Bioimpedance sensor array for heart rate detection
Abstract
Exemplary embodiments provide a bioimpedance sensor array for use in fluid flow detection applications, such as heart rate detection. Aspects of the exemplary embodiment include determining an optimal sub-array in a bioimpedance sensor array comprising more than four bioimpedance sensors arranged on a base such that the sensor array straddles or otherwise addresses a blood vessel when worn by a user; passing an electrical signal through at least a first portion of the bioimpedance sensors in the optimal sub-array to the user; measuring one or more bioimpedance values from the electrical signal using a second portion of the bioimpedance sensors in the optimal sub-array; and analyzing at least a fluid bioimpedance contribution from the one or more bioimpedance values.
Claims
exact text as granted — not AI-modifiedWe claim:
1 . A method for providing a bioimpedance sensor array, comprising:
determining an optimal sub-array in a bioimpedance sensor array comprising more than four bioimpedance sensors arranged on a base such that the sensor array straddles or otherwise addresses a blood vessel when worn by a user; passing an electrical signal through at least a first portion of the bioimpedance sensors in the optimal sub-array to the user; measuring one or more bioimpedance values from the electrical signal using a second portion of the bioimpedance sensors in the optimal sub-array; and analyzing at least a fluid bioimpedance contribution from the one or more bioimpedance values.

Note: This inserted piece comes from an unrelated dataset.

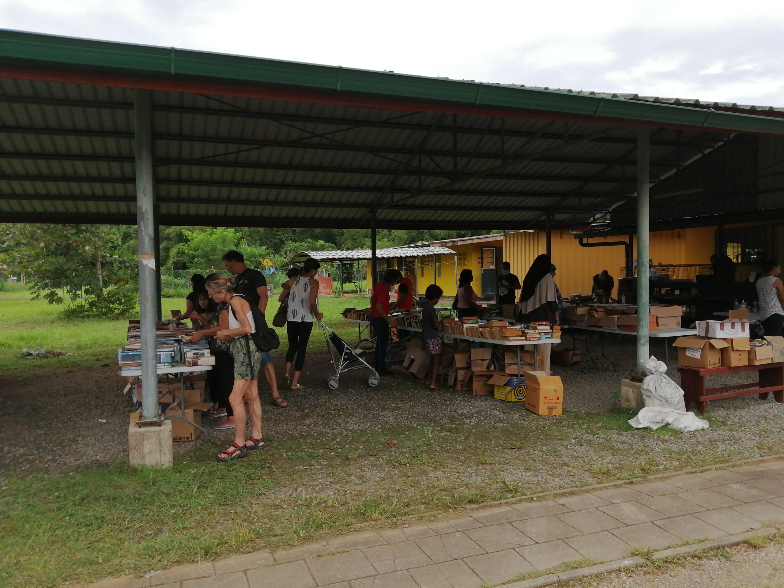 Iets verderop lezen drie jongeren aandachtig wat in de omschrijving op de kaften staat geschreven. Het is een komen en gaan van lezers en de prijzen zijn vanaf SRD 5 voor een boek. Over een maand is er weer een boekenmarkt.

2 . The method of claim 1 , further comprising: selecting at least one pair of the bioimpedance sensors in the optimal sub-array to form current sensors and selecting at least one other pair to form voltage sensors.
3 . The method of claim 1 , wherein configuration and placement of the optimal sub-array is fixed.
4 . The method of claim 1 , wherein configuration and placement of the optimal sub-array is dynamic.
5 . The method of claim 4 , further comprising: scanning the bioimpedance sensor array to identify which sets of bioimpedance sensors provide an optimal current signal and using the identified sets of bioimpedance sensors as the optimal sub-array; selecting a first portion of the bioimpedance sensors in the optimal sub-array that provides an optimum current signal as current sensors; and selecting a second portion of the bioimpedance sensors in the optimal sub-array as voltage sensors.
6 . The method of claim 5 , wherein the optimal sub-array is positioned relative to the blood vessel such that the blood vessel is located anywhere within an area defined by the optimal sub-array as long as blood pulses travel between pairs of the current sensors and the voltage sensors.
7 . The method of claim 1 , further comprising: multiplexing one or more of the bioimpedance sensors with one or more galvanic skin response (GSR) sensors.
8 . The method of claim 1 , wherein the bioimpedance sensors comprise electrodes.
9 . The method of claim 8 , wherein a size of the electrodes size proportional to required placement distance between the electrodes, such that smaller electrodes are placed closer together.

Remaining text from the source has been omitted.